Exercise materials:
--------------------------------------------------
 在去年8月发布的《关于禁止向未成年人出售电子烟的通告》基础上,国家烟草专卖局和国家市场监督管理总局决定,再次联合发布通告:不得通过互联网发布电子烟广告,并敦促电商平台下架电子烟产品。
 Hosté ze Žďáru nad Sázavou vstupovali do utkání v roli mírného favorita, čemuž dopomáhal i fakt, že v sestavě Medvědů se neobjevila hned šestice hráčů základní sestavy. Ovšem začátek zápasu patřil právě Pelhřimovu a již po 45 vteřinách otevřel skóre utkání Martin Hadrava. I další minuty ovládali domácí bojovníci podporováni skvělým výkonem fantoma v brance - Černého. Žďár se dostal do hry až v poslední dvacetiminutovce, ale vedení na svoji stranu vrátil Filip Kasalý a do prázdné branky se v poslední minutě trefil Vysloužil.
--------------------------------------------------
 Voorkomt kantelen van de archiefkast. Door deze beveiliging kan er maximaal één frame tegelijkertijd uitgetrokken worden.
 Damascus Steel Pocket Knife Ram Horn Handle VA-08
--------------------------------------------------
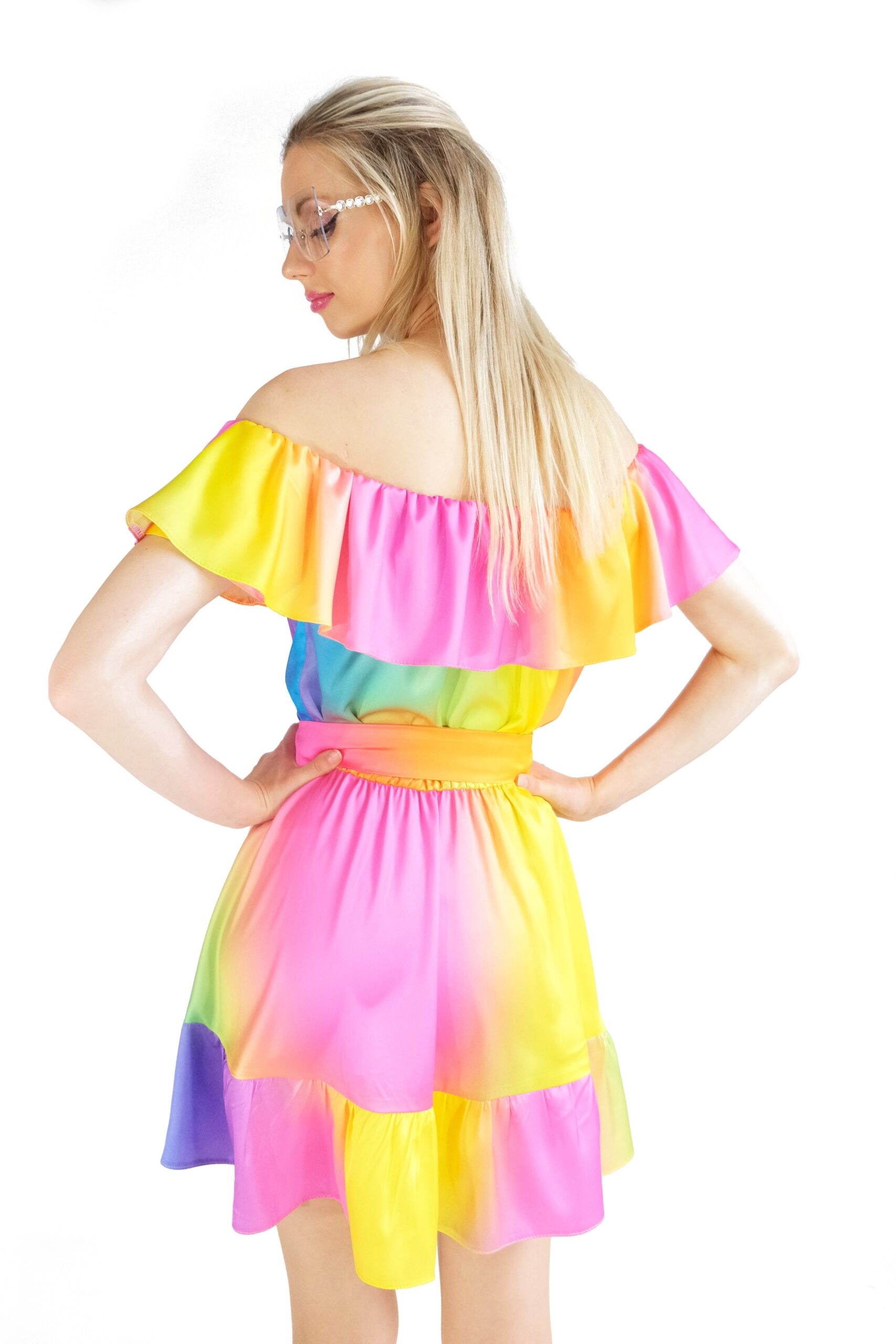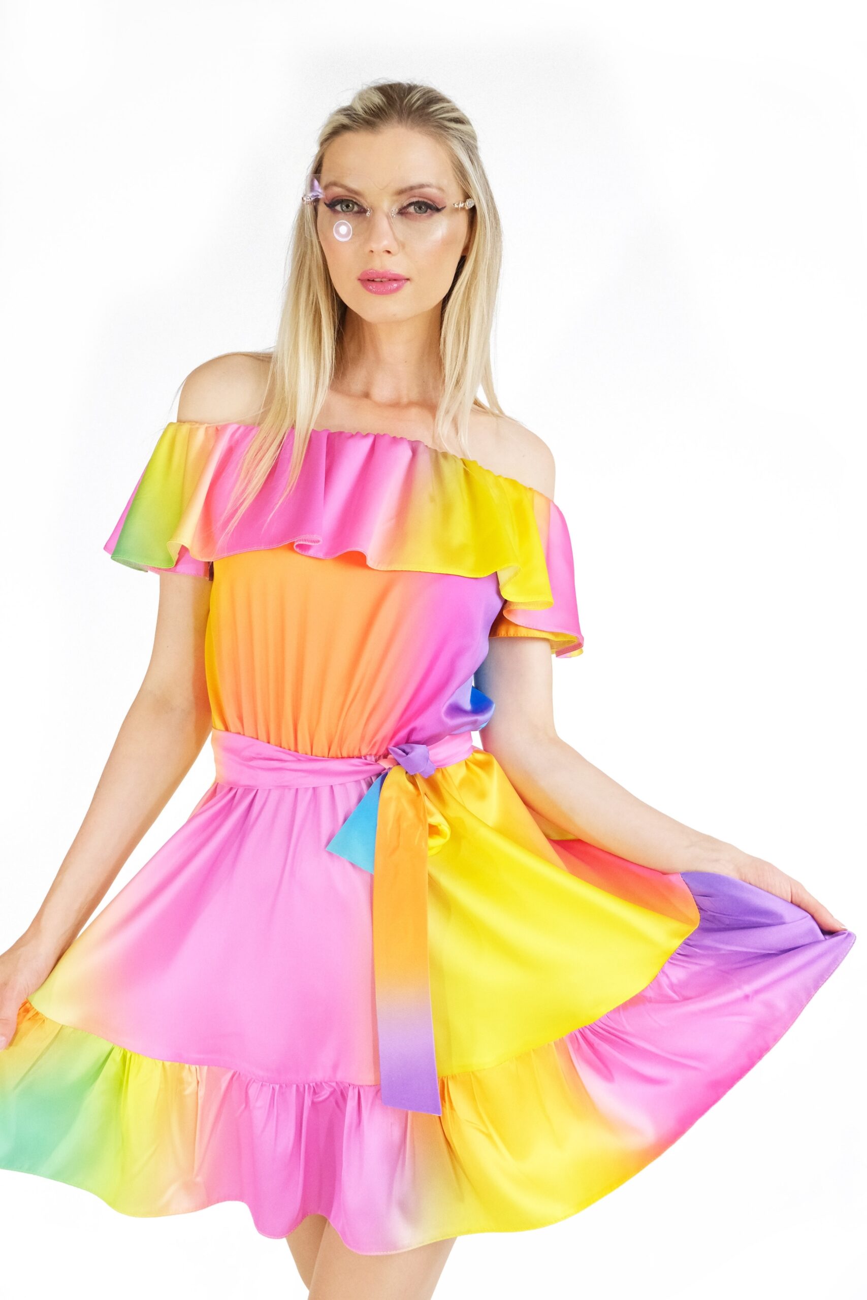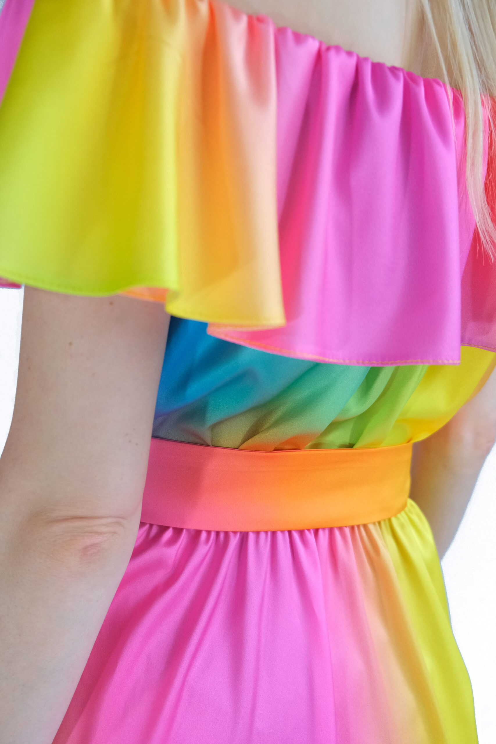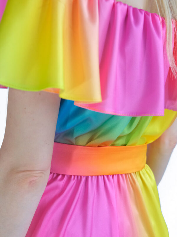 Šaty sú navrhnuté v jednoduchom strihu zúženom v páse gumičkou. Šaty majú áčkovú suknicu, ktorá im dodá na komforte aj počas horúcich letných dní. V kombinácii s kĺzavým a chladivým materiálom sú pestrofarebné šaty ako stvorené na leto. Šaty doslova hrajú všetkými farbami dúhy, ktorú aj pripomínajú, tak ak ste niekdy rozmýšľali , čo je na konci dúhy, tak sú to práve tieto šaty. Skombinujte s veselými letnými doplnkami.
--------------------------------------------------
Problem: From the entries above, give again exactly the lines running from the line with "Voorkomt kantelen van" to the line with "Damascus Steel Pocket"; include both of those lines.

Result of the exercise:
 Voorkomt kantelen van de archiefkast. Door deze beveiliging kan er maximaal één frame tegelijkertijd uitgetrokken worden.
 Damascus Steel Pocket Knife Ram Horn Handle VA-08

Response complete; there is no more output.